In a sense, the cells become aware of one another and share the water so that non-cell falls into dehydration. I’m not a scientist. But this is how osmosis seems to be. The cells help each other out. Automatically. It’s in their nature.

For a while, I think I believed I could fix myself in the same way, via osmosis. I thought that if I could lead others to heal, by talking about mental health and writing about it and making people feel that they weren’t alone then maybe I’d heal, too. I thought that if I could become a resource for others that their newfound well-being would also bleed into me.

Their healing might transfer to me via osmosis and we’d all improve together, the way the cells of plants do. That’s what I think I must have thought, but it isn’t how these things work.

It doesn’t work because when those you’ve helped have adjusted and moved on, and you’re left in the silence of their departure, you can still feel it. The pain. You can hear the quiet voices in the blanket of nothing. The unaddressed issues beating in the darkness.

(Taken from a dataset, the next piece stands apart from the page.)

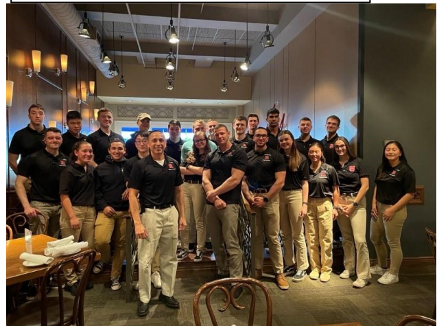
(November 10 th Parade March)

It is of course nice to want to help people. We should all strive to do that as much as we can. However, it is destructive to run from your issues, and use helping others as an excuse to not have to address them. Despite the enduring hope, nobody is coming to save us. No one descends from the clouds and makes everything all right.

The only person who can save you is you. A realisation that often comes too late, or not at all.

But we often do have this knowledge, despite pretending not to. We bury it. We know there are things, painful things, which we leave to fester in the darkness like rotting carcasses. We choose to leave them there because we can tolerate them when they are out of sight. Their presence doesn’t dwindle, but our awareness of them does. Whatever problems these painful experiences drum up, we learn to endure. We can withstand the pain for the most part.

Eventually, we look back. And we see how much destruction those unresolved issues have caused. We may not realise that we’ve cut off our limbs while accepting them to be tolerable sacrifices.

Addressing the unaddressed is painful. And it takes work. So much work that we often opt for the slow destruction of tolerated pain rather than facing up to the monsters.

They can seem insurmountable when you look at them all at once. If we ignore them, at least we don’t have to look upon the flaws that scar our souls.

No matter what we do, those flaws and ignored faults surface. The cracks appear. Ripples across our personalities. Biting and jagged edges. So it is better, surely, to choose to look upon them now, while you have the strength, and find a way to challenge them head-on.

Healing through osmosis doesn’t work. We don’t have membranes that mental health can seep through from others. Throwing yourself into work doesn’t make the problems disappear. Chasing achievement after achievement doesn’t erase the pain. I’ve tried all of these things and none of them works. They just mask the problem. They treat the symptoms rather than the root of the disease. Short-term fixes are all they are, to distract your mind from the fact that there are flaws that need your attention.

We are not yet capable of healing each other through some sort of shared telepathy. Plants can do this. We, however, can help one another along. Words are our source, our sole but powerful source. We can communicate and express our emotions. We can reach across the divide as no other creature can, and we can let one another know that we are together. We are the same and we will get through whatever needs getting through.

Perhaps this is our osmosis. Our ability to use words. Delicately, imperfectly. Perhaps this is how we help one another to heal.